The maps, are small narrow hallways type with the occasional outdoor area, like L4D2 or CSS. Littered with weapons, ammo, tools (flashlights, walky-talkies), and health items. Unlike in L4D2 where 'shopping' is severely discouraged, here its a necessary evil. You may need pills to stop the infection from killing a teammate, ammo to clear out a street of zombies, or bandages to stop a stubborn bleed.
There are two game types, objective and survival. Survival is pretty standard... Survive waves of zombies, until everyone dies during a wave (teammates re spawn between waves). Objective is... very different.
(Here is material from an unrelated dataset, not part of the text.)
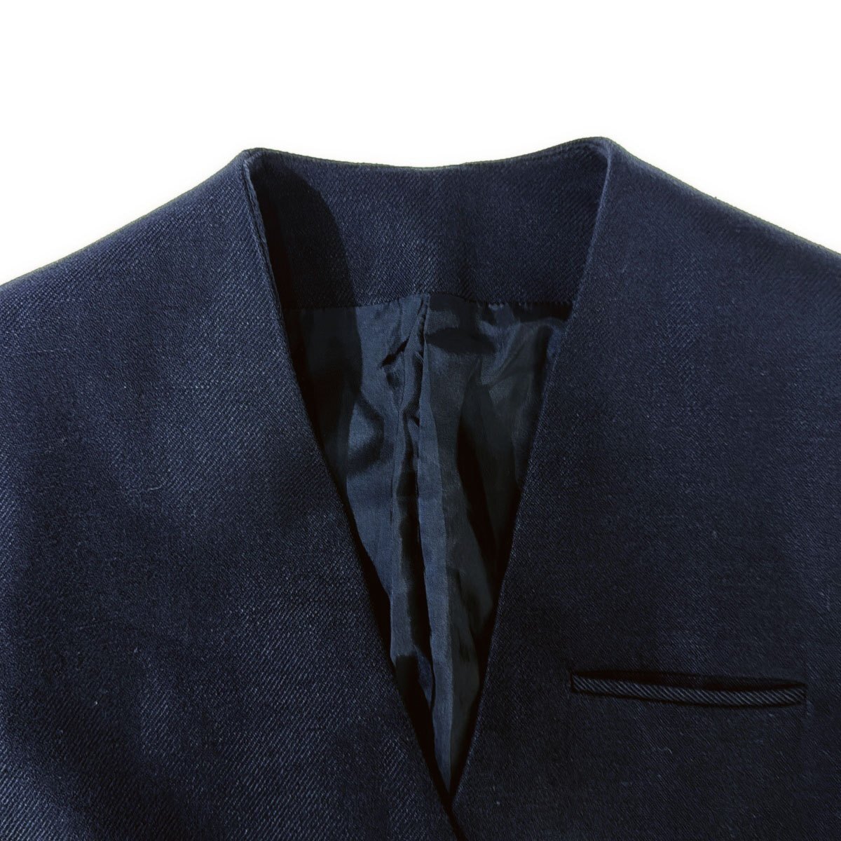 綿麻ツイルノーカラージャケット 085-42071

You have to complete a series of objectives across a SEMI linear map (there are multiple paths to almost every objective), for example: find gas for a generator, find a key, open a door, find a car battery, find a path to the next area, find guns, etc. The amount of loot is just enough that you have to constantly maintain communication with your teammates and exchange loot to survive ('oh you have a .22, and I have a .308 lets exchange ammo boxes' or a 'help I'm bleeding out, anyone have bandages').
The play feels like L4D2 but the mechanics are quite different though. You can still sprint through hordes though they can latch on to you like killing floor. You have to charge your melee attacks and have to be fairly precise about where you hit the zombies (in the head) guns are not dead accurate, you'll miss alot and waste a lot of precious ammo. However, there are a plethora of different types of weapons hidden throughout the maps... handguns, rifles, shotguns of all types. Lots of melee too. VOIP also works by distance, you can only talk with teammates who are close (unless you have a walky-talky, then you can communicate with other walky-talky's and relay messages). Very teamwork orientated, though you do get the occasional lone wolf, sticky fingered, asshole but they really do not interfere with game play too much.
For me, this is just the right amount of survival (where dayz went overboard, no dying of thirst or starvation, but survival that actually is relevant to the game: weapons and ammo, tools, and direct health) but still retains its difficulty (i've yet to play an objective game where we escaped).
Considering that is free, its definitely worth a look for zombie killing lovers, but keep in mind that it is free.